Taylor asked for a definition of this. I need something to do to start to settle from 13 hours of travel so I'll answer. Later I'll have more to say. I think.
Taylor, kindling is a theory that is tossed around for BPI patients (BPI and BPII have different courses; BPI tends to generally get worse, BPII is gender-related in how it progresses). According to the theory bipolar episodes affect the brain so that each episode or med can influence the course of the disease essentially by damaging new areas. If the disease is controlled then there is less damage from ongoing episodes, and if the number of episodes are limited then the risk of brain damage is lowered. It is an attempt to explain why I can do well on a cocktail for so long, have an episode and those meds won't work anymore. It also helps explain rapid cycling/mixed episodes as a result of that brain damage. The theory is based on a guess that BPI and seizures have some shared causes/triggers, although they don't know enough to know why. What I have read is pretty specific about this being a BPI thing; I'm not sure what the BPII story is.
My story of kindling, since they believe I am an excellent example, is this: I was diagnosed with depression, anxiety, PTSD, primary insomnia, etc. for quite a while because I lied to avoid diagnosis and because I don't act very typical for someone with my kind of bipolar. I think the idea danced through people's heads and then they'd decided if I was bipolar then I had to be BPI and I had to have this and this and there was NO WAY I'd be doing as well as I was in grad school and working and dealing with some extreme family stress and whatever else. That continued when I was a new professional with this great career; I just didn't seem like my life was falling apart enough. So I was treated for depression. I wasn't just treated, I was really treated. I just didn't respond well to the meds and kept getting worse, making it more desperate to fix me before I killed myself. I had a nice pattern with most meds (check out my meds blog for the specifics; it is sequential) of going on it, feeling better for a few days, getting worse, increasing the dose, feeling better, getting worse, etc. Eventually I'd max out, have to taper off and start something else. I never felt good on most of them and now know that they were making me hypomanic. I was incredible blessed that Remeron seemed to act as a mood stabilizer for me. It gave me several years of feeling good. Eventually though it wasn't enough.
Added to this mix was inconsistent medical treatment. In college I had a great psychologist and was treated for the depression by the campus doctor who didn't seem to know much. In grad school I had many attempts with therapists, none of which worked out. I had a psychiatrist who seemed pretty disinterested, and then he died suddenly. His replacement was the first person who said she thought I was bipolar, but she was far too aggressive and that suggestion was thrown away. I was treated by several family doctors for a while after school, then a really, really bad psychiatrist. Finally I started with a good therapist and then really good psychiatric care and that has continued.
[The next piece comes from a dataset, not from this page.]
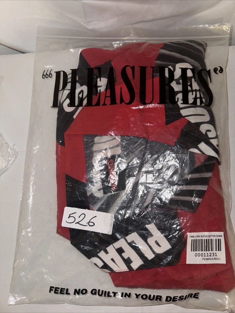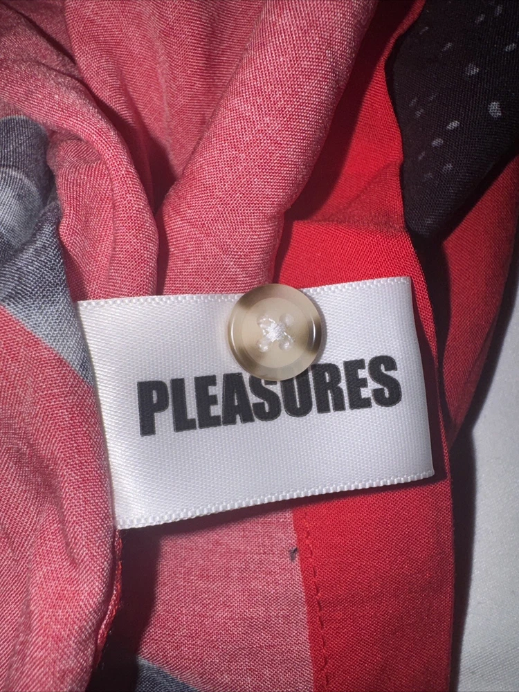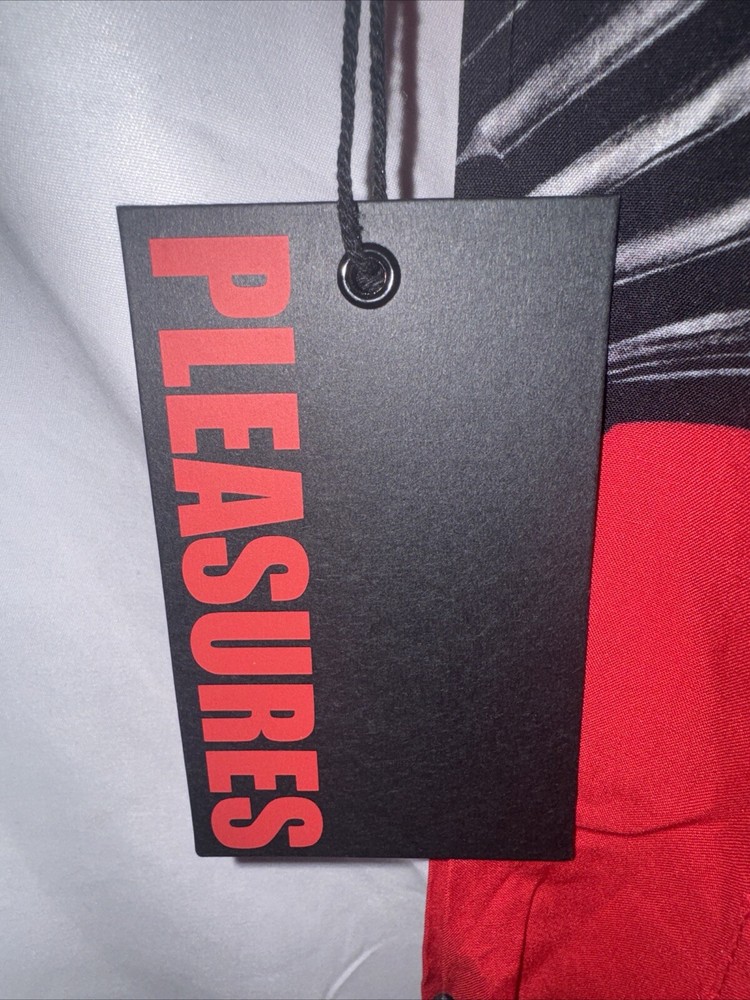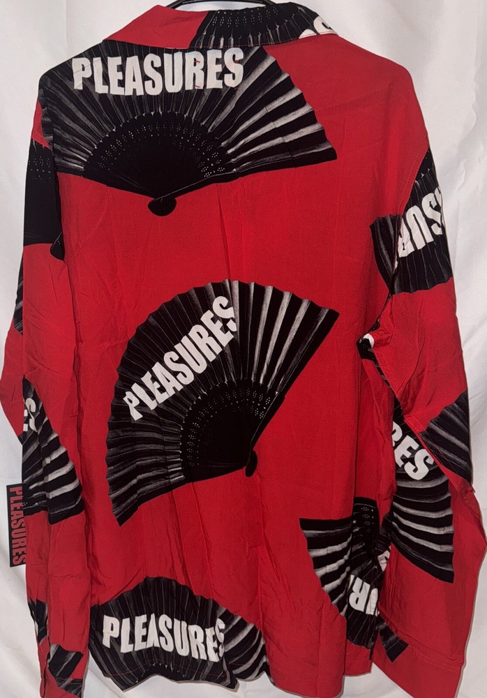 Introducing a stylish and comfortable long sleeve button-down shirt from Pleasures, perfect for men who want to elevate their wardrobe. This shirt comes in a striking red color with accents of buttons that add a touch of elegance to the design. The shirt is made of high-quality down fabric that provides comfort and durability, making it perfect for everyday wear. The shirt is available in size L, with a regular fit that is suitable for most body types. It has a classic T-shirt design with long sleeves and a button-down front that makes it versatile and suitable for any occasion. This Pleasures shirt is a must-have for any fashion-conscious man who wants to add a touch of style to their wardrobe.

Several months before I was actually diagnosed I was put on lithium to see if it would help me not want to kill myself since my antidepressant wasn't doing so well. Lithium had the interesting effect of making it extremely clear that I was cycling. Even I knew it without question.
The problem was that I had been on every antidepressant available, pretty much, in a very short time, and on many doses. I went from what would be more traditional rapid cycling, defined as 4 or more episodes per year, to what I call Superballing. I easily shift from very manic to very depressed 3-5 times per therapy session sometimes. I can't track my cycling very well because it is too fast, but during the hour someone else watches I know we've seen some intense changes. I am absolutely unable to do mood charting because my cycling is too fast. I was in a clinical trial and even they quit trying to make me do it because it was a losing battle. I also have very severe mixed episodes, where my thoughts are depressive and my energy is manic or vice versa or some other combination, and those also probably are related to the early treatment mistake.
Then, just to make me even more fun, I don't respond to meds normally. So in 5 years time the longest I've been remotely stable was 5 months and even then I had episodes on a mild scale. All that I've said about dose changes and med switches not being so good? I have had 2 months in 2 years without, and most months I have 2-3. I have not gone 4 weeks without email discussion with my doctor in so long I can't remember. 22 months? So every change just adds to my messed up brain soup.
In addition is the "Just Me" theory, which says that if your body has been through as much chemical onslaught as mine it will react strangely to anything introduced. I can count on needing more or less than recommended of any med and I will have at least one oddball side effect.
There's a long answer when I thought this would be short. Long, long day. Manic thoughts. Must shut up.